Specifications for Bagging Accessions
Table of Contents
1 Specifications for Bagging Accessions
1.1 Bagging accessions
The first step in bagging accessions for permanent storage in the repository is to organize the files on disk into a valid BagIt 0.97 directory. (BagIt was jointly developed by the Library of Congress and the California Digital Library as a standard for receiving, storing and retrieving digital content: http://www.digitalpreservation.gov/news/2008/20080602news_article_bagit.html; https://confluence.ucop.edu/display/Curation/BagIt) Metadata from the accessions database, the EAD records store and in the files themselves are extracted and stored in three text files and stored with the files.
1.1.1 Bag-info.txt file
This file is created by extracting metadata from the accessions database. Its purpose is redundancy of information: to ensure that the accessioning information is stored with the files themselves. The BagIt specification requires certain fields, and the following crosswalk defines where the information is retrieved from in the current system.
| Bagit field | Accessions form site field | |
|---|---|---|
| Source-org | Record.department.name | |
| Org-address | Record.department.name searched in LDAP | |
| Contact-phone | Record.recordMaker.cnetid searched in LDAP | |
| Contact-email | Record.recordMaker pre-prended to string '@uchicago.edu' | |
| External-Description | Record.collection.description | |
| Internal-Description | Record.summary | |
| Bagging-date | Record.createDate | |
| External-identifier | Record.receipt | |
| Internal-identifier | Record.receipt | |
| Bag-size | Sum(file.size) from file inner join record on record.id=file.accession where record.receipt=accession | |
| Payload.0xum | (Sum(file.size) from file inner join record on record.id=file.accession where record.receipt=accession)/8 prepended to string '.' prepended to | |
| count(file.name) from file inner join record on record.id=file.accession where record.receipt=accession | ||
| Bag-group-identifier | 'ark:/61001' | |
| Internal-sender-identifier | Record.yourIdentifier | |
| Internal-sender-description | Record.summary | |
| Bag-count | Record.counter |
1.1.2 Manifest\_<alg>.txt
The manifest file is a complete list of almost every file in the BagIt directory. Filepaths are relative to the top the of the BagIt directory. Therefore, every file path in the manifest files start with the string 'data/' and is followed by the remainder of the path of the file including subdirectories. A file in the manifest file is one that when the bagging process occurred could be evaluated for a checksum. The algorithm used for these checksums is MD5.
| Manifest\_<alg> field | Accessions form site field | Alternate measurement |
|---|---|---|
| Checksum | File.checksum | Evaluate checksum on the fly |
| Filepath | File.path split after receipt identifier | Filepath split after accession identifier |
1.1.3 Erc.txt
In the University of Chicago Library Digital Repository's implementation, Erc.txt adds a descriptive element to the BagIt specification by integrating the Kernel Metadata and Electronic Resource Citation (ERC) specification with the BagIt specification. This information is collection-level metadata defining the "who", "what", "when" and "where" for an accession.

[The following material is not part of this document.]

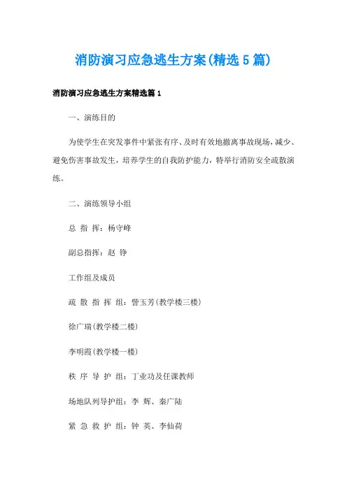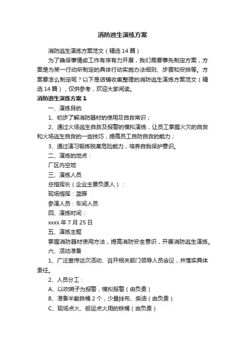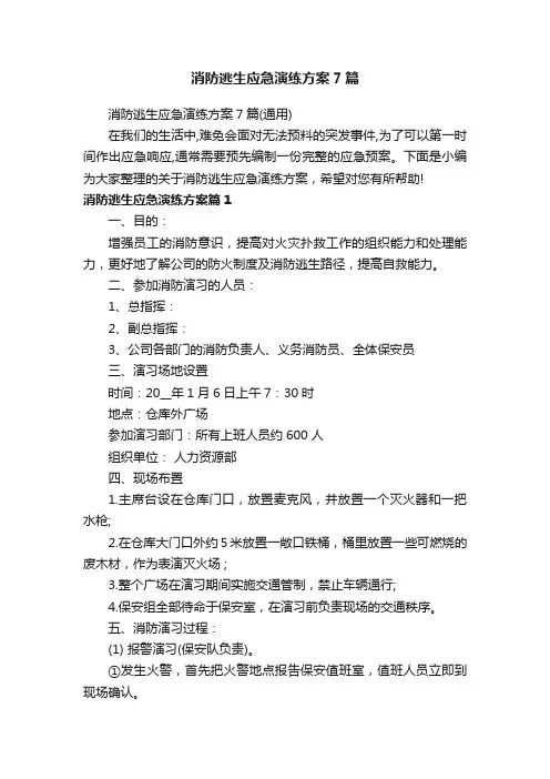 消防逃生应急演练方案7篇消防逃生应急演练方案7篇(通用)在我们的生活中,难免会面对无法预料的突发事件,为了可以第一时间作出应急响应,通常需要预先编制一份完整的应急预案。
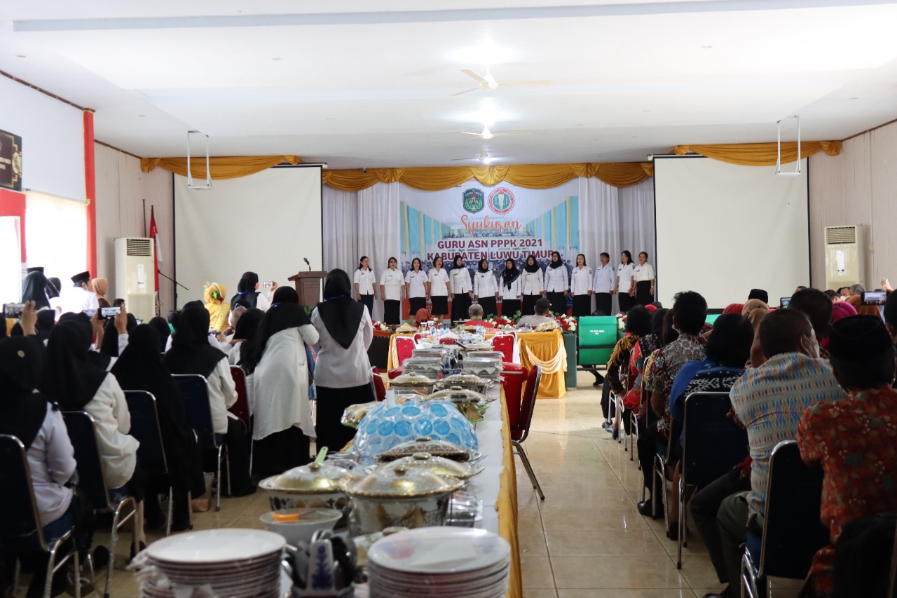 LUWU TIMUR – Bupati Luwu Timur (Lutim), H. Budiman didampingi Ketua Tim Penggerak PKK, Hj. Sufriaty, Kepala Dinas Pendidikan dan Kebudayaan, La Besse, Ketua Dewan Pendidikan, H. Ardias Bara, Asisten Perekonomian dan Pembangunan, Masdin, Asisten Administrasi Umum, Nursih Hariani, Staf Ahli Pembangunan, Rapiuddin, Forum Koordinasi Pimpinan Daerah Lutim (Forkopimda), menghadiri acara syukuran guru ASN PPPK Tahun 2021 Kabupaten Luwu tTimur di Aula Disdikbud, Kamis (23/06/2022).

| Erc field | Accessions form site field | EAD field |
|---|---|---|
| Who | 'University of Chicago Library' | archdesc/did/unitpublisher |
| What | Record.collection.title prepended to Record.createDate | archdesc/did/unittitle |
| When | Record.createDate | archdesc/did/unitdate |
| Where | 'ark:/61001/' prepended to Record.receipt | n/a |
1.1.4 Fetch.txt
This file contains filepaths for files that could not have a checksum computed and therefore could not be transferred into the new bag. This file is optional.
| Fetch field | Field computed on the fly |
|---|---|
| URL | Filepath preceded by the string data/repository/ac' |
| Size | File size computed on-the-fly |
1.2 Interface for this tool
This tool is being designed as a background task. It will run as a cron job.
1.2.1 Auditing
| Audit statement | Who sees it | How it is communicated |
|---|---|---|
| List of unsuccessfully transferred files | repository administrator | |
| Count of successful transfers vs total files in the accession | repository administrator and depositor | |
| Date and time the processing started | repository administrator | email, accession forms database record update |
| Date and time the processing ended | repository administrator | email, accession forms database record update |
| Status of accession record | repository administrator | accessions forms database record update |
1.2.2 Accessions database record update
All accession records are created with the status 'started'. This is changed to 'in process' by a cron job that runs nightly and checks for file records associated with that accession record and creates a row in the report table for that accession.
This final cron job will check for any accession record with status 'in process' and create a bagit directory. Once completed, the status of the bagged accession record will change to 'processed'.